Estou a pouco tempo de regressar ao campo de batalha. Um campo que já começa a estar impregnado da minha energia, da energia que pertence ao meu verdadeiro eu, não a partes com quem tenho tido encontros ao longo da vida. Creio que irei em busca de mim mesma e acabarei a encontrar uma nova eu, alguém que integre todos estes bocados e que assim se constitua como alguém mais perfeito e mais coerente, mais sábio e mais forte. Que os anjos ou alguém me ajude neste caminho que me parece o mais confuso de sempre. Apenas sei a direcção inicial que devo tomar, nada mais. Sei também que essa chave que agora se me apresenta não abrirá todas as portas e que baterei com o nariz na madeira vezes sem conta, já que as portas que estão por abrir devem sê-lo com chaves que ainda desconheço, sendo essas as portas, precisamente, que encerram as verdades a meu respeito que mais preciso conhecer, que mais falta me fazem, que mais liberdade, felicidade e até poder me prometem. Do que posso encontrar pelo caminho, apenas tenho uma leve suspeita, mas isso revela-se tão insuficiente quando dou por mim cheia de medo, sendo o meu maior medo o de não conseguir vencer tantos e tão enraizados fantasmas que se sobrepõem a cada dia, esgotando-me. Tenho medo de não ter força, como tantas vezes não tive no passado. Tenho medo de voltar a cair, de voltar a ser obrigada a desistir, como sucedeu tantas e tantas vezes no passado. Tenho medo que me esgotem as forças de propósito e que me queiram ver caída, no chão, de novo. Desistindo e decepcionando todos aqueles que levei a que acreditassem em mim, na minha capacidade de vencer e de levar grandes embarcações, sozinha, a bom porto...

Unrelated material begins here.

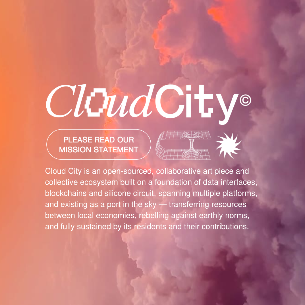 Cloud City is an open-sourced, collaborative art piece and collective ecosystem built on a foundation of data interfaces, blockchains and silicone circuit, spanning multiple platforms, and existing as a port in the sky — transferring resources between local economies, rebelling against earthly norms, and fully sustained by its residents and their contributions.

sábado, 23 de julho de 2016

E agora que cheguei...



... ainda às vezes dou por mim perdida, mas não é tanto. Agora que cheguei percebo porque levei tanto tempo a cá chegar. É que tinha de estar preparada, é que é um duelo de titãs, esta batalha que me esperava, bem mais difícil do que alguma vez supus e que me força a ir ao limite. Que andava farta de marcar passo, mas agora continuo, mais ou menos, se bem que a briga agora já a vejo bem e percebo melhor. Pedi que a vida puxasse por mim, e ela nunca se fica a estes pedidos. Devemos ter mesmo muito cuidado com aquilo que desejamos pois torna-se sempre, sempre verdade, mais tarde ou mais cedo, questão de tempo apenas. E se pedimos e pedimos e não se concretiza, por alguma coisa há-de ser. Normalmente é porque a não conseguimos suportar, é porque é por demais pesada para as nossas costas fracas e aleijadas de outras coisas, ainda que menos pesadas, mas cansadas. Mas não, não deve ser peso a mais para eu carregar. Pelo menos assim parece não ser. Que quando a carga começa a ficar pesada de mais e eu grito, vem sempre algum alívio acudir. Continuo cansada, mas ainda não exausta, já que frequentes injecções de energia me são gentilmente entregues, em meu socorro. Agora já percebo, percebo muitas coisas que antes não percebia. É bom por isso, o ponto de chegada... Fica tudo tão mais claro. O círculo em que me movia mexeu-se, foi para cima, desvendando, afinal, uma espiral. Uma espiral ascendente, e eu passei de nível. Mas quero passar de muito mais níveis ainda, que começo a evolução agora apenas. Quero ficar mais forte e conhecer outras formas de olhar para o mundo. Quero crescer ainda muito.